INDIAN RIVER COUNTY — No, it's not a Chupacabra. It's not a hairless dog or oversized cat, either. When Humane Society of Vero Beach and Indian River County's Ilka Daniel was called to help an unidentified animal found in a dumpster, she wasn't sure what to expect.
Working with Vero Beach Animal Control Officer Bruce Dangerfield and Vero Beach Police Officer John Grenzenbach, Daniel was able to catch the animal and identify him as a hairless raccoon.
Soon after his capture, Daniel transported the adult male raccoon to the Humane Society.

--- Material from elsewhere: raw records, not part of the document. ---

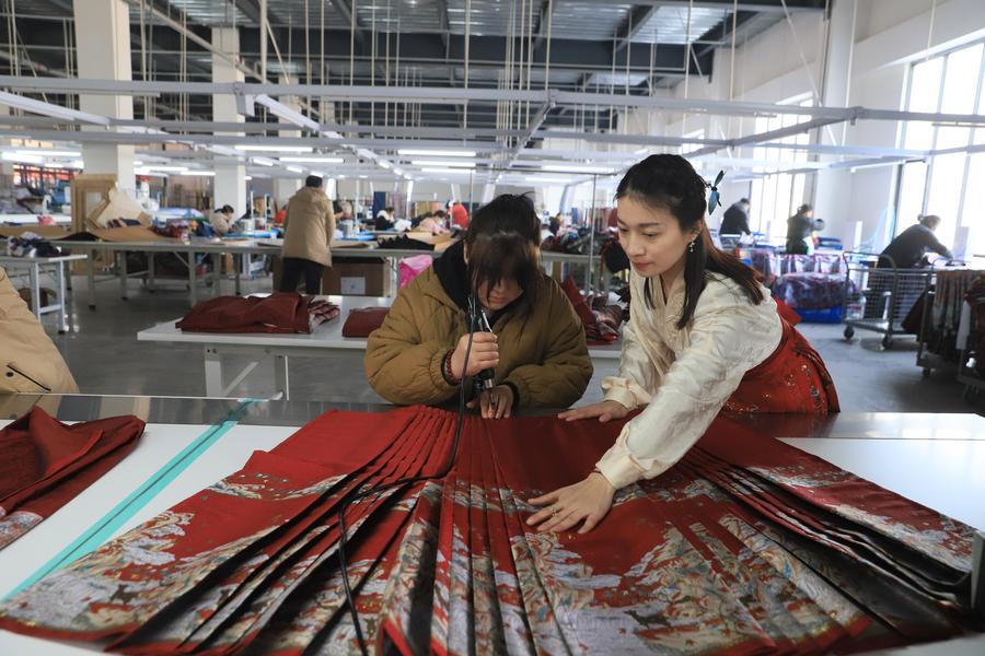 曹県にある漢服工場で縫製作業をするスタッフ。(済南=新華社配信)
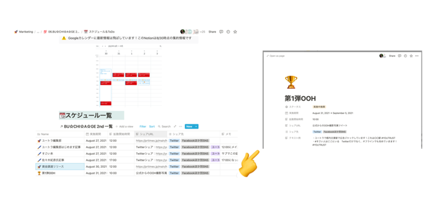 ▲Notionに熱源アイテムを一元集約・Googleカレンダーにも連携
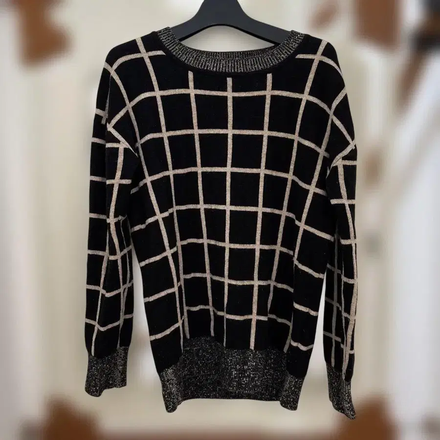 저널 스탠다드 니트 여성용 프리 사이즈 체크 블랙 M

According to Daniel and veterinarian Lyndall Soule, the raccoon is dehydrated but doesn't appear to be sick or have mange and is in otherwise good health.
"He's an absolutely amazing creature," Daniel said of the unusual but frightened animal with big dark eyes. "It's just incredible that he's survived so well."

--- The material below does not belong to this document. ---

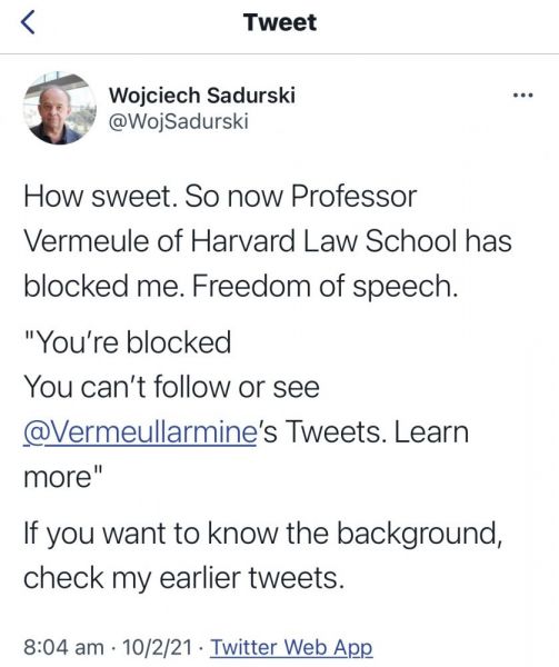 Profesor Wojciech Sadurski, którego ojciec był w latach 1951- 1954 sekretarzem Naczelnej Rady Adwokackiej, a potem podsekretarzem stanu w Ministerstwie Sprawiedliwości PRL, kończąc w komunistycznym Sejmie PRL, kontynuuje dzieło swojego ojca- jest naczelnym niszczycielem wszystkiego, co nie lączy się z jego i tylko jego przekonaniami politycznymi. Powiązany z Komitetem Obrony Demokracji, Gazetą Wyborczą, TWN i obozem opozycji stał się twarzą propagandową tychże organizacji propagandystycznych, wykorzystujac przy okazji swoj status profesora najstarszego Uniwersytetu w Sydney. Od lat nie ma chętnych do wysłuchania jego wykładów na Uniwersytecie w Sydney na temat obecnej sytuacji politycznej w Polsce. Ale przyjedzie, "cyknie zdjecie" z kim trzeba i wraca do Polski judzić czy pokazywać swoją popularność na Twiterze.
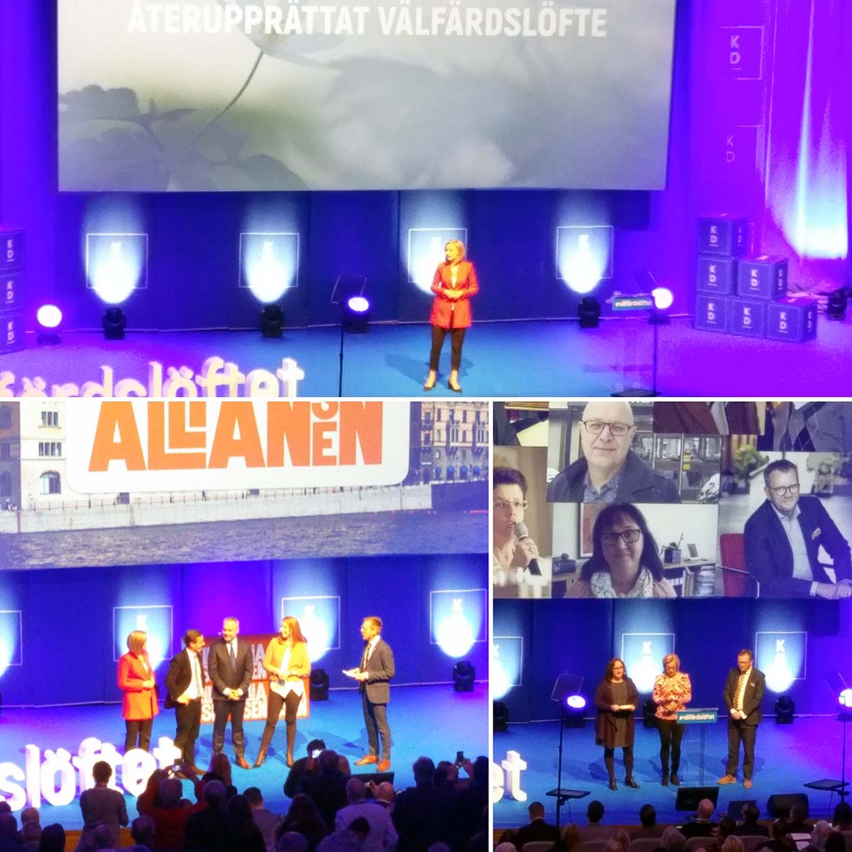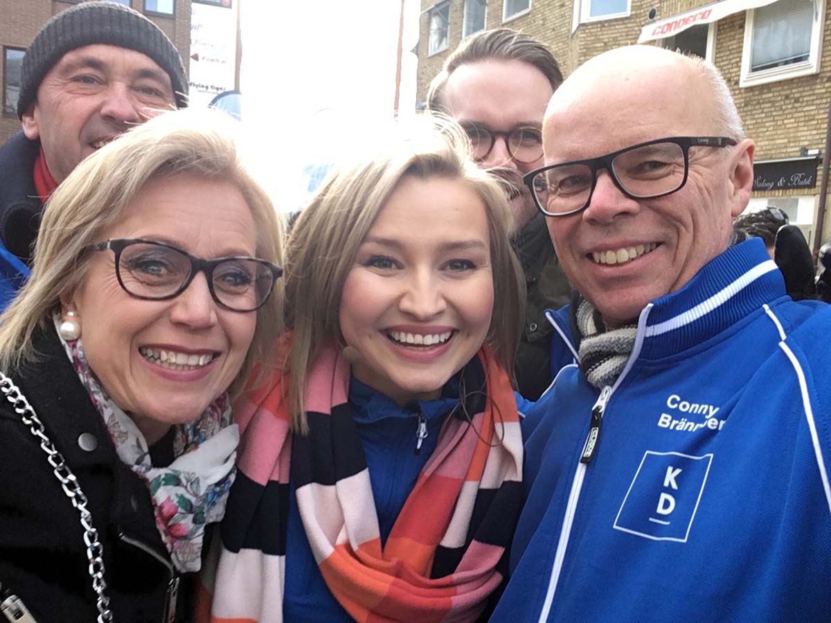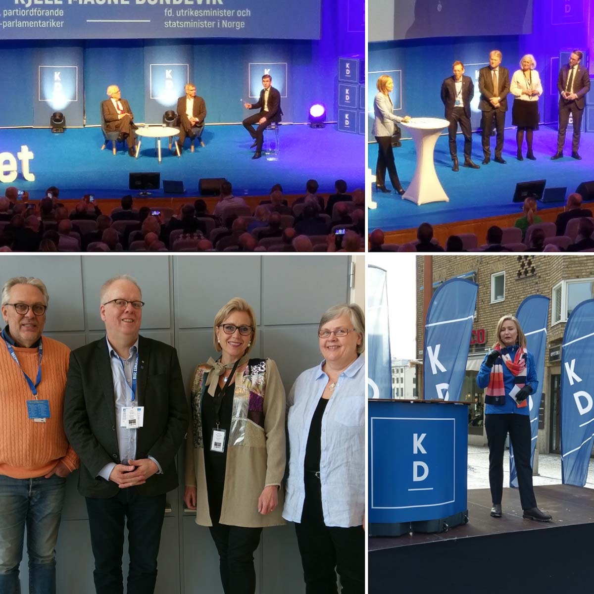 - Dag två på KD-dagarna började fantastiskt bra med att Markus Jonsson initierat intervjuade två av den skandinaviska kristdemokratins giganter – Alf Svensson och Kjell Magne Bondevik. De har båda varit med om att vända till synes hopplösa opinionslägen till jordskredssegrar i valet. Räkna aldrig ut ett gäng taggade kristdemokrater i förväg! Ebba Busch Thor presenterade partiets frontpersoner inom de viktigaste politikområdena inför valet. Stolta konstaterar vi att fyra av de fem har sina rötter i vårt partidistrikt. Som avslutning på detta inspirerande dygn fick vi höra henne hålla sitt första valtal i årets valrörelse – snacka om en bra start på valrörelsen! Over and out från Arnold Carlzon, Håkan Johansson, Camilla Rinaldo Miller, Lena Freij och Torbjörn Eriksson – nuuuuu kööör vi! (Foto: Håkan Johansson)

Upon his arrival at the shelter, Daniel was able to provide the raccoon with food and water.
"He seemed to realize that we were trying to help him," she said.
One of the greatest lessons Daniel hopes people will learn is not to be frightened of the mysterious.

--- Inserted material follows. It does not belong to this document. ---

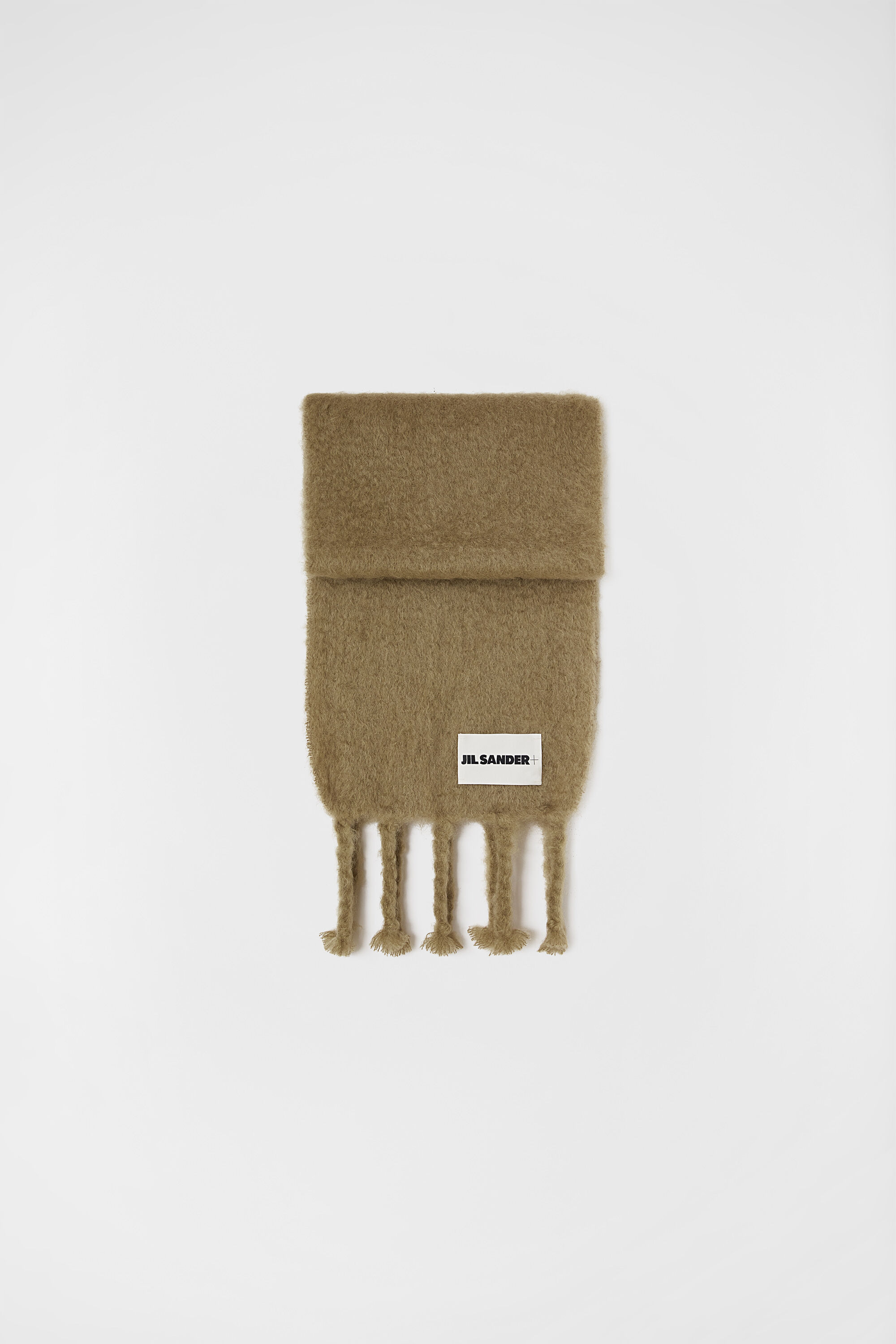 Long handknit wool and mohair scarf with Jil Sander+ logo label Details - fringed hem detail - Jil Sander+ logo label stitched at bottom - 73% mohair 24% wool 3% polyamide-nylon - made in Spain - StyleID: J40TE0118J40041289 Care - dry clean only - iron with care

"People may jump to conclusions when they see animals like this raccoon, and may even be frightened," she said.
But Daniel added that careful observation of an animal's body and behavior can often provide a logical explanation.
Florida law mandates that raccoons can only be released in the area where they were found. And because the raccoon was discovered near the heavily trafficked Indian River Boulevard and 17th Street in Vero Beach, The Humane Society did not believe it was appropriate to re-release the raccoon in the area.
Instead, officials from the Busch Wildlife Sanctuary have agreed to take in the animal, according to Daniel.
"We're very, very pleased," she said of the organization helping out. "I hope he lives a normal life."